This summer, the National Underwriter research team conducted a comprehensive research exploration of life insurance product sales. The purpose of this research effort was to identify opportunities, challenges and common obstacles shared by advisors selling life insurance; the expectations and needs advisors have of their distribution partners, such as insurers and marketing organizations; advisors' product preferences and their perceptions of client needs; and the support advisors need in order to sell life insurance more successfully.
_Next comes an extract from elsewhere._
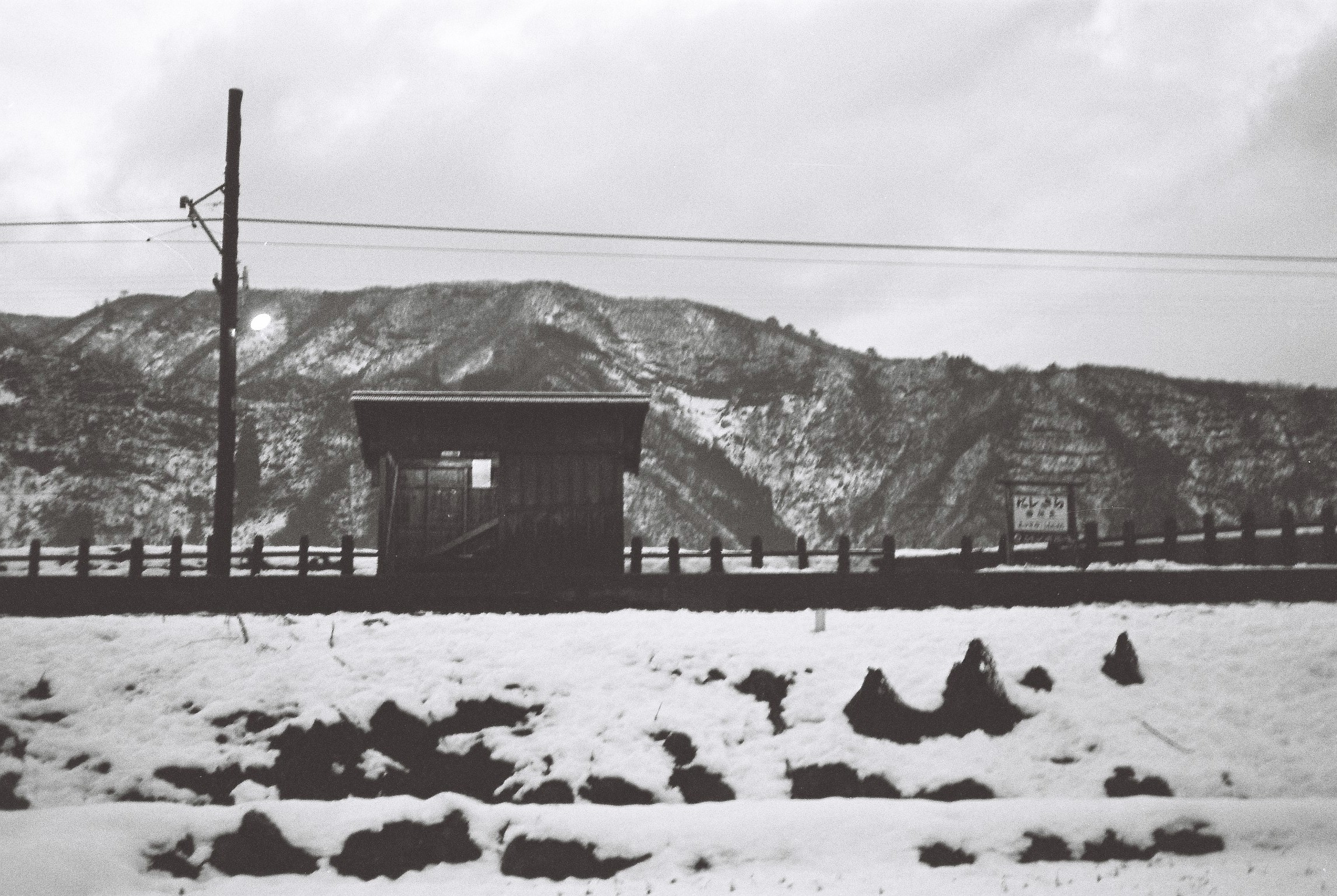 北陸鉄道金名線西佐良駅

According to survey respondents, life insurance continues to serve an important societal function. Income replacement in the event of the death of a breadwinner remains the chief driver of consumer interest in life insurance. However, advisors are having difficulty contending with consumers' general lack of awareness of the need for life insurance. They are struggling with how to overcome client procrastination when it comes to financial planning and consumer perceptions about the affordability, or lack thereof, of life insurance.
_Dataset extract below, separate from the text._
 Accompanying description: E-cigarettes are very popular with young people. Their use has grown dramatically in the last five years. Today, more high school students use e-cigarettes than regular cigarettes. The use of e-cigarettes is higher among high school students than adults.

Most life insurance sales professionals are independent or non-captive career agents running multi-faceted practices. Seventy percent of advisors selling life insurance products are chiefly focused on an area apart from life insurance, such as investment advisory, employee benefits or property & casualty insurance. Further, the large majority (nearly three-quarters of respondents) derives less than half their income from life insurance product sales.
Most respondents wrote between $25,000 and $100,000 in first-year life insurance premium in the past year. Term life is by far the most commonly favored product among advisors of all kinds, followed by whole life, universal life and index universal life.
The survey indicates that life insurance remains a male-dominated profession. Seventy-eight percent of respondents were male in their 50s or older, though most are selling insurance to clients in their 50s or younger. Fewer than 1 in 5 advisors report having a client base that's at least 50 percent female.
Overall, the survey revealed a group of advisors who are generally optimistic about the coming year, though they are coming off of a fairly stagnant year of sales and are keenly aware of threats to their business.
Market barometer
The majority of advisors (44 percent) report stagnant life insurance sales in the past 12 months (Figure 1; click to enlarge). Forty-two percent report a substantial or slight increase in sales, and only 15 percent report a decrease of any kind.
Younger agents, especially those in their 40s, report a better year than their counterparts. Likewise, respondents whose primary focus was life insurance or financial planning tend to report higher life insurance sales than advisors focused on annuities, health insurance, property & casualty insurance or employee benefits. There is no discernible difference in the reported life insurance sales activity between male and female advisors.